De temperamento bilioso, esparcíase por la fisonomía cuyos perfiles delincamos como un reflejo de cordiales sentimientos, o de índole suave y amable, que contrastaba singularmente con el vigor de esos perfiles. La misma mirada pensativa, y vaga a veces, al contraerse la pupila al influjo de una absorción pasajera del ánimo, tenía una expresión amable y benigna —la que puede transmitir la experiencia de una vida ya desvanecida de azares y tormentas. Si el oficial de Blandengues los había sufrido, no lo denunciaban manchas, cicatrices o mordeduras en sus facciones; era su tez pálida, pero no marchita; no era tersa, pero tampoco hoyosa ni sajada. De las aventuras de juventud, sólo en su frente abierta y extensa había quedado algún surco; más bien formado, antes que por los males físicos— por el pensar consciente de lo que la vida enseña.
Al contrario de su compañero, no le afectaban los nervios en el curso del diálogo. Permanecía sereno e impasible, si bien escuchando con atención marcada lo que se decía, y concediendo una que otra ligera sonrisa al comentario de los hechos. De maneras sencillas, sus gestos, movimientos y ademanes mesurados se avenían con aquella tranquilidad glacial de su espíritu. Era parco en el hablar. Cuando lo hacía por acto espontáneo, u obligado por el giro de la conversación, vertía despacio y sin alterarse sus palabras, manteniéndose en lo moderado y discreto. No demostraba en sus raciocinios serenos mayor grado de cultura e ilustración, pero sí inteligencia natural, astucia y observación sagaz. Esta peculiaridad de su criterio, solía detener a sus dos interlocutores, dejándolos suspensos y en silencio en mitad de su debate.
Tales condiciones de carácter, le hacían aparecer tolerante y modesto, para los que no le conocían de cerca; para aquellos con quienes hablaba, era simplemente un hombre llamado a vida de orden y sosiego, después de algunos años borrascosos; servicial, enérgico y valiente, capaz de cumplir con su deber y de conducir sus empresas al último grado de la audacia y del arrojo. Quizás alguno adivinó sin embargo, en el fondo de su naturaleza admirablemente modelada en las formas, un orden fisiológico—moral correlativo, aún cuando sólo fuera presidido por luces vivas de talento inculto: —secretas aspiraciones y tendencias ordenadas con sistema, y la fibra de la perseverancia dura y vibrante como una cuerda de acero, bajo aquella máscara fría.
En verdad que, para estos escasos observadores, el oficial de Blandengues era por su hoja de servicios algo semejante a un león de melena sedosa que él había arrastrado por las malezas de la soledad y cubierto de abrojos en otro tiempo; cuyo ojo somnoliento y vago ahora, podía dilatar su pupila de improviso por la fiebre de la lucha, y tornar en rojos sus azulados reflejos.

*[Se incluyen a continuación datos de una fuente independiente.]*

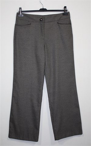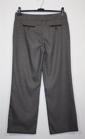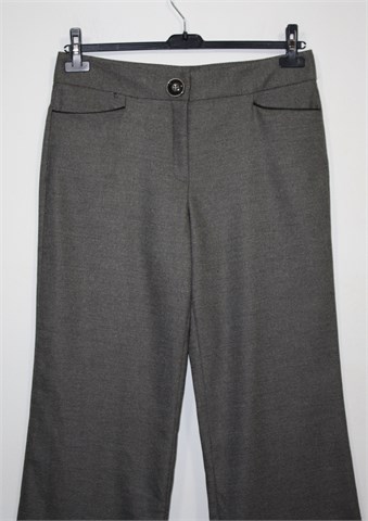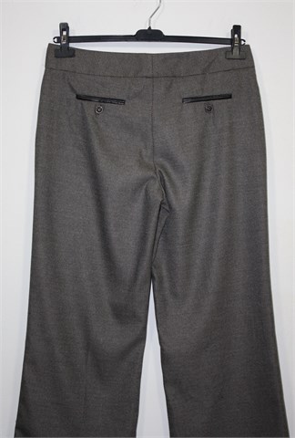 Caroll hlače od tanjeg štofastog materijala, smeđe-bež boje s uzorkom. Prednji cif i unutarnje kopčanje sa kopčicama (sa vanjske strane ukrasni gumb). Prednji džepovi, stražnji samo ukrasni (rub džepova je od umjetne kože). Blago rastezljive.

Los tres personajes que presentamos en escena, habían iniciado su conversación animada sobre el hecho de la noche anterior ocurrido en el Fuerte.

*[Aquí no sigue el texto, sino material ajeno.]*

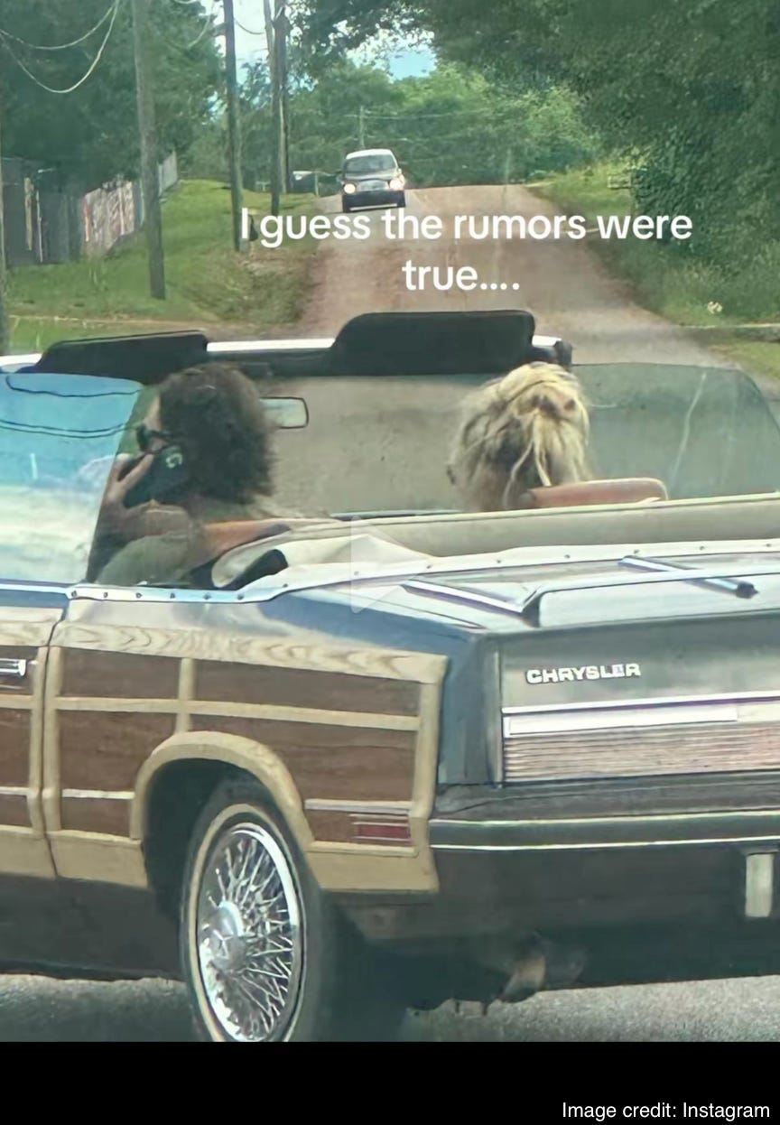 Last year, an Instagram user posted a photo of musicians Riley Green and Megan Moroney driving around in a custom-made Chrysler. A work of art strikingly similar to that photograph is used for the cover of the single for what recent hit song? The photo below was taken in Jacksonville, Alabama, while that artwork adds a sign to indicate that the scene has been relocated to Amarillo, with the lyrics of the song suggesting that life in Tennessee would have been the other option.

Fray Francisco Carballo, contestando al sujeto de capote con esclavina, decía —haciendo el relato de la llegada del capitán de fragata Don Juan Ángel Michelena:
—El gobernador negábase a la recepción del candidato del virrey. Entonces éste, buscando fuerzas en sus bríos de soldado, ya que carecía de los de diplomático, se presentó en el Fuerte pidiendo una entrevista. Recibido por Elío, puso de manifiesto su misión… El gobernador le increpó severamente su conducta. —No es éste el proceder de un servidor leal —díjole. Bonaparte humilla a España, y Liniers es francés.
La venida de Sassenay descubre al traidor. —Vengo a que se me haga entrega del mando —respondió Michelena— y no a que se dude de mi lealtad. Resistirse a ello, sí que es conducta vituperable. —Haya más comedimiento en el lenguaje —repuso Elío irritado, dando con el puño en la mesa— ¡o de no, pongo el remedio en el acto, señor capitán sin nave!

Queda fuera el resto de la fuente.